A uniform ladder of length 20.0m and weight 750 N is propped up against a smooth vertical wall with its lower end on a rough horizontal surface. The coefficient of friction between the ladder and this horizontal surface is 0.40.

(a) Draw a diagram for the ladder showing all the forces acting on the ladder.

(b) Work out and add the numerical values of each force clearly showing your justification in each case.

(c) Hence, calculate a value for the angle between the ladder and the wall if the ladder just remains in stable equilibrium.

a. can't do drawings here,

On the wall, there is a horizontal force out of the wall at the top of the ladder
On the base, there is a vertical force from the floor upwards, and a horizontal force (friction) pushing inward towards the wall
At ladder midength, there is a force dowward(weight).
that is your diagram.

So now sum vertical forces: You only have two (weightladder and floor upward).
Sum horizontal foces: wall force and friction at base.
Sum moments about any point: I recommend the floor contact point, you have ladder weight, and wall force then.

The angle should come put pretty quickly on the moment equation.

I have completed a but I just don't understand b and c.
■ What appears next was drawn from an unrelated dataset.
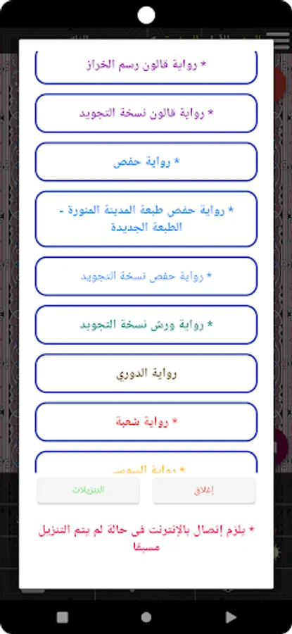 Hafs' novel with different readings. Qalun - Al-Duri - Warsh.
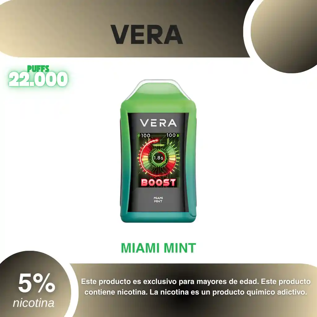 Vape Vera Vr 22.000 Puffs Sabor Menta 5% PROHIBIDA LA VENTA A MENORES DE EDAD. ADVERTENCIA: ESTE PRODUCTO CONTIENE NICOTINA, LA NICOTINA ES UNA SUSTANCIA QUIMICA ADICTIVA Y NOCIVA PARA LA SALUD. Los líquidos para vapeo contienen: propilenglicol USP, glicerina USP, sabor artificial y nicotina. Este producto puede contener nicotina, una sustancia altamente adictiva que puede generar dependencia, posibles afectaciones arteriales, cardiacas, pulmonares y otras aun no identificadas. No se recomienda su uso a mujeres en embarazo, puede generar lesiones al feto. Mantener alejado de niños y mascotas. No ingerir, puede generar irritación y/o intoxicación. Por favor antes de consumir consulte a su médico posibles afectaciones o sensibilidad a alguno de sus componentes. Los componentes de este producto pueden aumentar la sensación de ansiedad En caso de notar alguna reacción adversa por favor suspenda su uso de manera inmediata. Siga las instrucciones en el envase. No alterar sus componentes. Adquiera sus productos en sitios de confianza No use productos piratas, alterados, o en los cuales no pueda comprobar su buena procedencia, Verifique la reputación del fabricante y distribuidor antes de adquirir cualquier producto Si no es usuario fumador o vapeador no se recomienda su uso bajo ninguna circunstancia Al usar este producto usted es consciente que este producto puede generar afectaciones a su salud, incluyendo aquellas que a la fecha de la compra no se han identificado y que pueden aparecer a largo plazo

Please help me asap!!!!

(a) Here is a diagram illustrating the forces acting on the ladder:

<--- Wall
_________
| |
| |
| ↓ |
|Ladder |
| |
| |
|_________|

In this diagram, the ladder is represented as a vertical line, with the wall on the left side (indicated by the arrow) and the rough horizontal surface at the bottom.

The forces acting on the ladder are:
1. Weight (W): This force acts vertically downwards from the center of gravity of the ladder, which we can assume to be located at its midpoint.
2. Normal Reaction (N): This force acts perpendicular to the rough horizontal surface and supports the weight of the ladder.
3. Frictional Force (f): This force opposes the motion or tendency of motion between the ladder and the rough horizontal surface.
4. Applied Force (A): This force represents any external force applied to the ladder, such as someone pushing or pulling it.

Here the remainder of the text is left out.